O (primeiro) mês decisivo do calendário pré-eleitoral

Foto: reprodução TSE

Faltando cerca de sete meses para a eleição, o tempo voa e todos os meses são importantes. Mas alguns são mais, pois estão atrelados a prazos. Até 3 de abril, por exemplo, quem quer concorrer deve estar filiado e, para alguns cargos públicos, precisa se desincompatibilizar.

Quem ocupa cargo no Executivo, com algumas exceções, precisa deixar o cargo seis meses antes do pleito. Um exemplo é o secretário de Estado da Proteção e Defesa Civil, Mário Hildebrandt (PL), pré-candidato a deputado estadual.

Vale também para prefeitos no cargo, como é o caso de João Rodrigues (PSD), de Chapecó, e Adriano Silva (Novo), de Joinville.

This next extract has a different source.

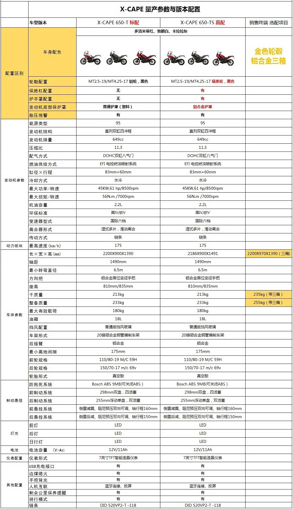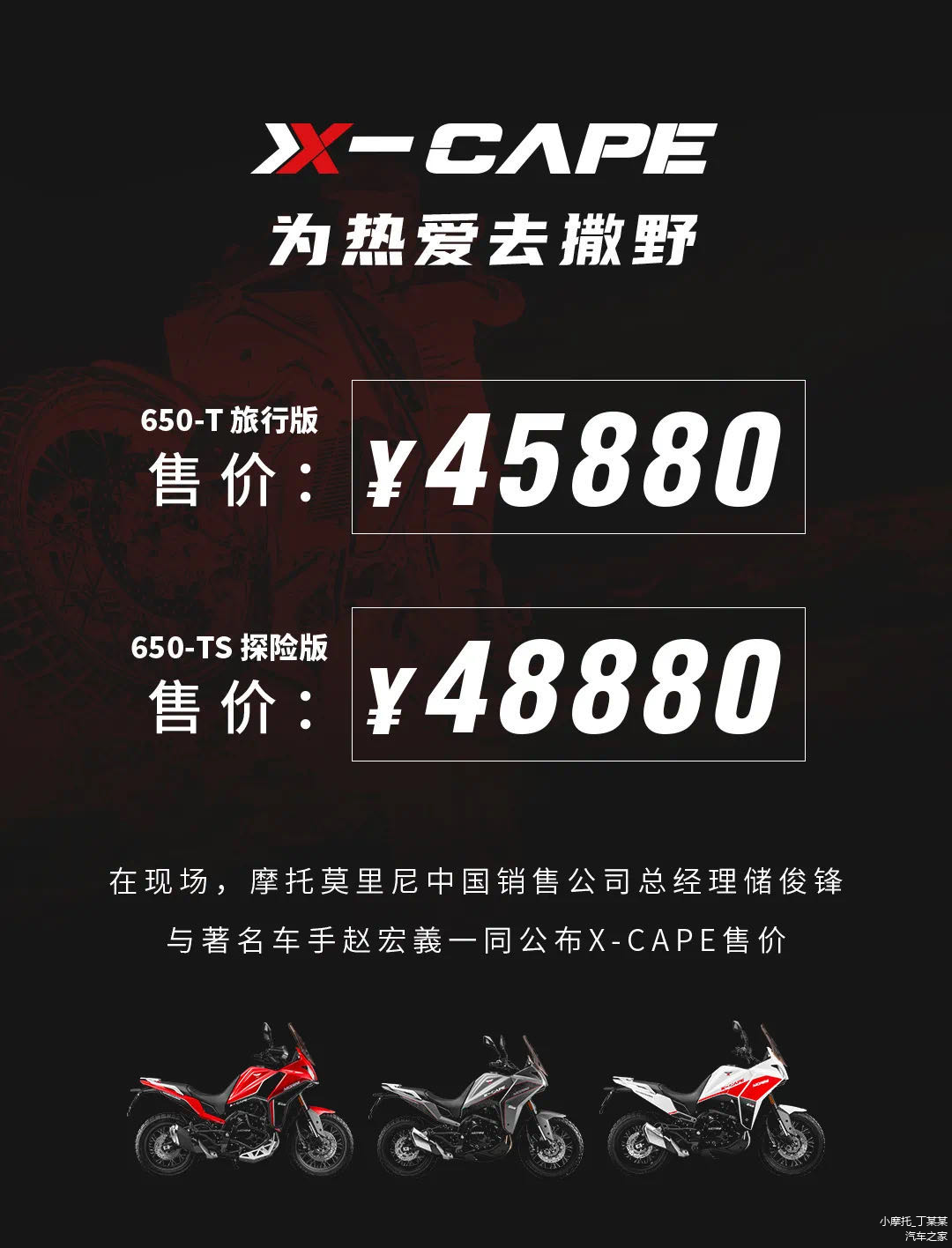 说完这些,我们聊聊这次的新车:X-Cape,本来笔者和其他媒体老师沟通的时候,盲猜是56000,毕竟有Brembo、TFT仪表、滑动离合以及马祖奇减震加身,但是没想到最后给了一个非常非常惊喜的售价:旅行版¥4.58万元,探险版¥4.88万元,刚好比我的预测少了1W元,可以说是一个非常诱人的售价了。

Escrevemos com algumas exceções, pois tem o caso dos vice-prefeitos, como Maria Regina Soar (Republicanos), pré-candidata a deputada federal, que não precisa deixar o cargo, desde que não assuma a prefeitura seis meses antes da eleição.

Presidente e Governador também não precisam deixar os cargos, desde que concorram à reeleição, como é o caso de Jorginho Mello (PL). Para outro cargo, precisam se desincompatibilizar, como parece ser o caso dos governadores Ratinho Júnior (PSD) e Romeu Zema (Novo), para ficar apenas em dois.

Senadores, deputados e vereadores não precisam deixar os cargos.

Ou seja, quem não for parlamentar e quiser concorrer, precisa estar liberado no começo de abril.

Outro momento importante nestes próximos dias é saber por qual time cada candidato vai se fardar para concorrer. Ou melhor, o partido.

Tem gente que não está filiada e precisa estar até 3 de abril, como o diretor do BRDE, João Paulo Kleinübing, pré-candidato a federal.

E tem ainda quem quer “trocar de time”.  Aqueles sem mandato podem trocar de sigla a qualquer hora, mas o prazo limite é 3 de abril. Para os parlamentares, têm todo o mês de março, a partir do dia 5, para fazer a troca, dentro da janela partidária. Um exemplo é o deputado estadual Marcos da Rosa, eleito pelo União Brasil, que deve disputar a reeleição pelo PL.

Ou seja, começamos a primeira contagem regressiva do tabuleiro pré-eleitoral. Até o começo de abril saberemos quem está apto e por qual sigla. Se serão candidatos, ou quais os cargos que disputarão, aí o prazo é de 20 de julho a 5 de agosto, período das convenções partidárias, que homologam as candidaturas.

Até lá, o tabuleiro promete muitas jogadas de emoção.